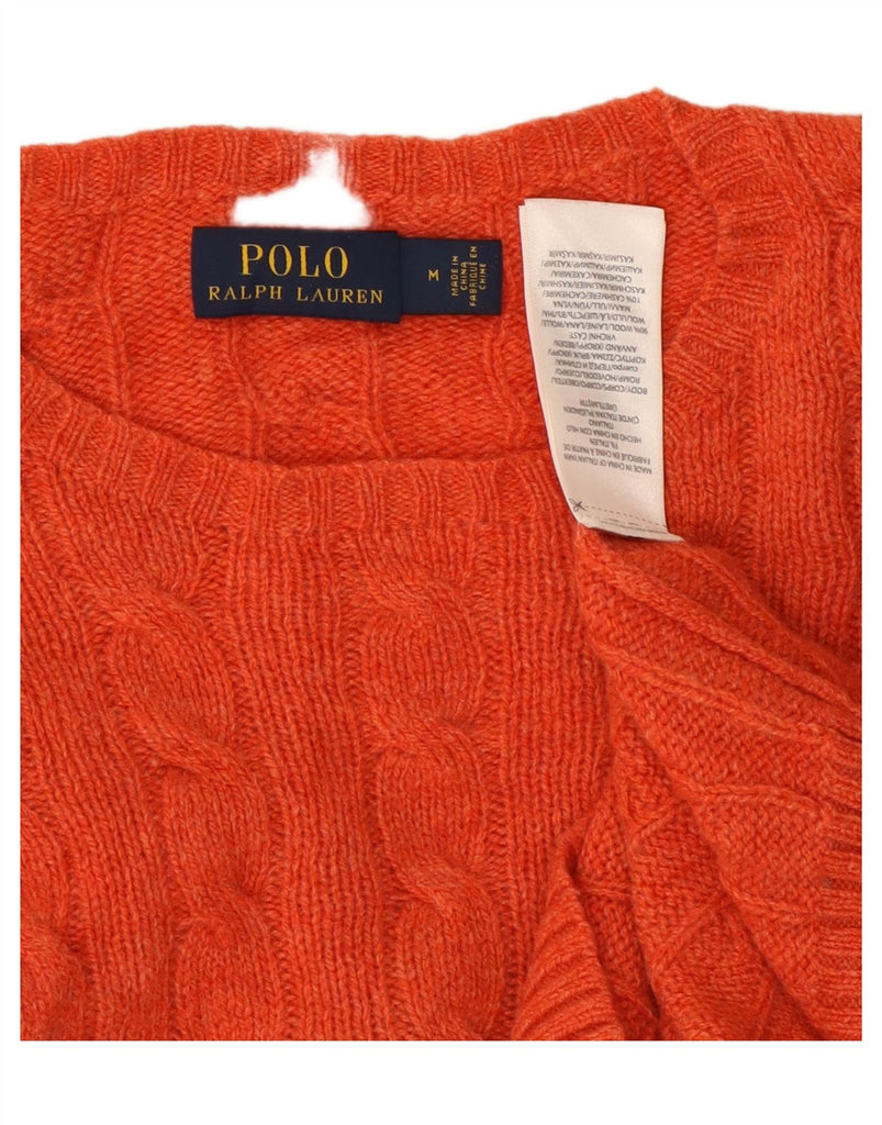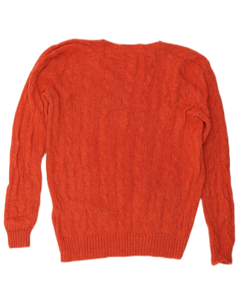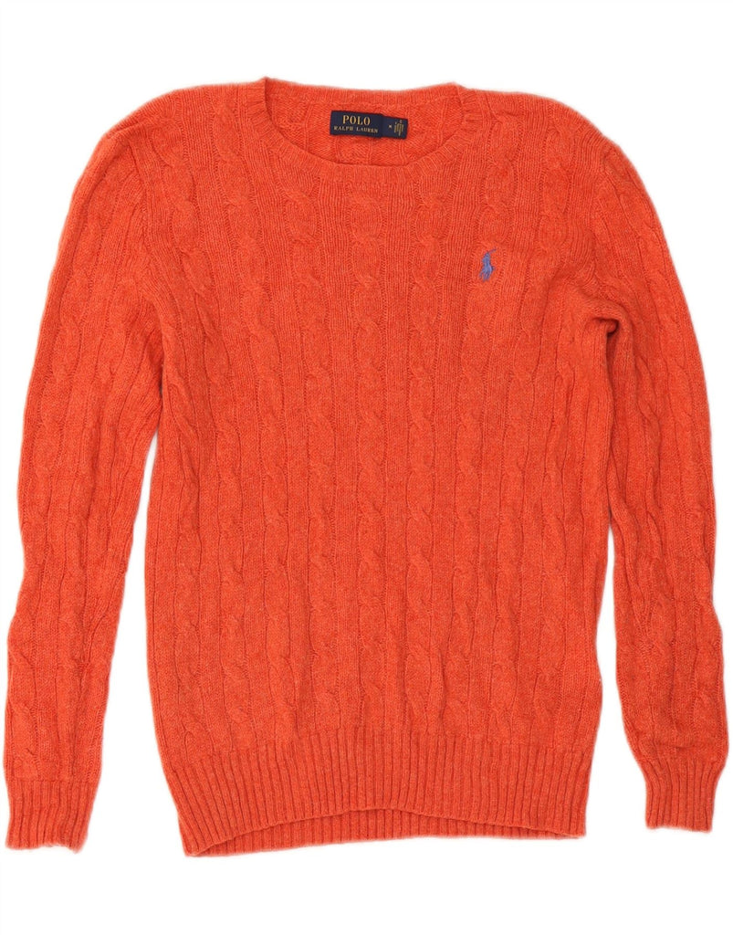 POLO RALPH LAUREN Womens Crew Neck Jumper Sweater UK 12 Medium Orange Wool
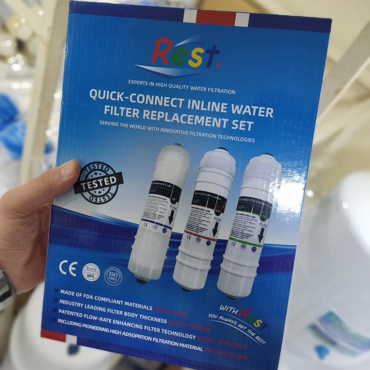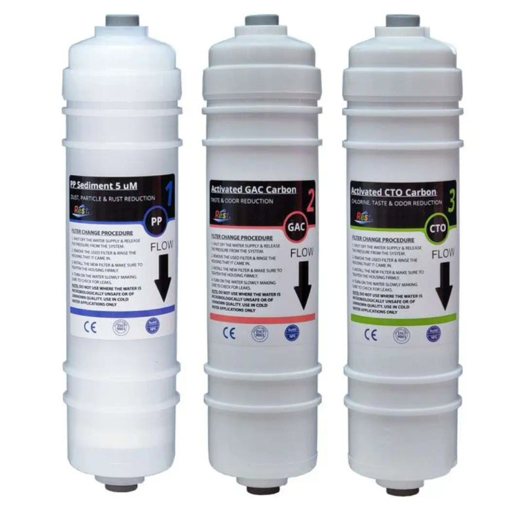 ست فیلتر پیش تصفیه اینلاین برند REST فیلتر الیافی (PP) فیلتر کربن پودری ( Carbon Active) فیلتر کربن بلاک ( Carbon Block)
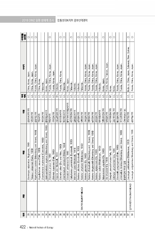 422 ? National Institute of Ecology 번호 과명 학명 국명 적색 목록 서식지 국외반출 승인종 29 Stemmops nipponicus Yaginuma, 1969 검정토시꼬마거미 LC. China, Korea, Japan. ○ 30 Takayus takayensis Saito, 1939 넉점꼬마거미 LC. China, Korea, Japan. ○ 31 Yaginumena castrata B?senberg and Strand, 1906 검정미진거미 LC. Russia, China, Korea, Japan. ○ 32 접시거미과 LINYPHIIDAE Anguliphantes nasus Paik, 1965 코접시거미 LC. China, Korea. 33 Cresmatoneta mutinen...
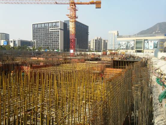 軸地下室頂梁板筋安裝。
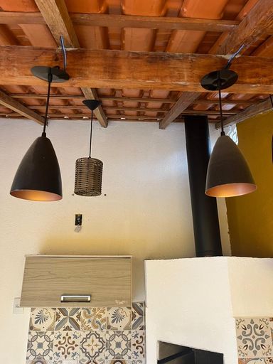 Churrasqueira com balcão e iluminação decorativa

▶ [TASK BRIEF]
Each record should be printed again precisely, though not its pictures.

▶ [SOLUTION FOR THIS EXERCISE]
 POLO RALPH LAUREN Womens Crew Neck Jumper Sweater UK 12 Medium Orange Wool
 ست فیلتر پیش تصفیه اینلاین برند REST فیلتر الیافی (PP) فیلتر کربن پودری ( Carbon Active) فیلتر کربن بلاک ( Carbon Block)
 422 ? National Institute of Ecology 번호 과명 학명 국명 적색 목록 서식지 국외반출 승인종 29 Stemmops nipponicus Yaginuma, 1969 검정토시꼬마거미 LC. China, Korea, Japan. ○ 30 Takayus takayensis Saito, 1939 넉점꼬마거미 LC. China, Korea, Japan. ○ 31 Yaginumena castrata B?senberg and Strand, 1906 검정미진거미 LC. Russia, China, Korea, Japan. ○ 32 접시거미과 LINYPHIIDAE Anguliphantes nasus Paik, 1965 코접시거미 LC. China, Korea. 33 Cresmatoneta mutinen...
 軸地下室頂梁板筋安裝。
 Churrasqueira com balcão e iluminação decorativa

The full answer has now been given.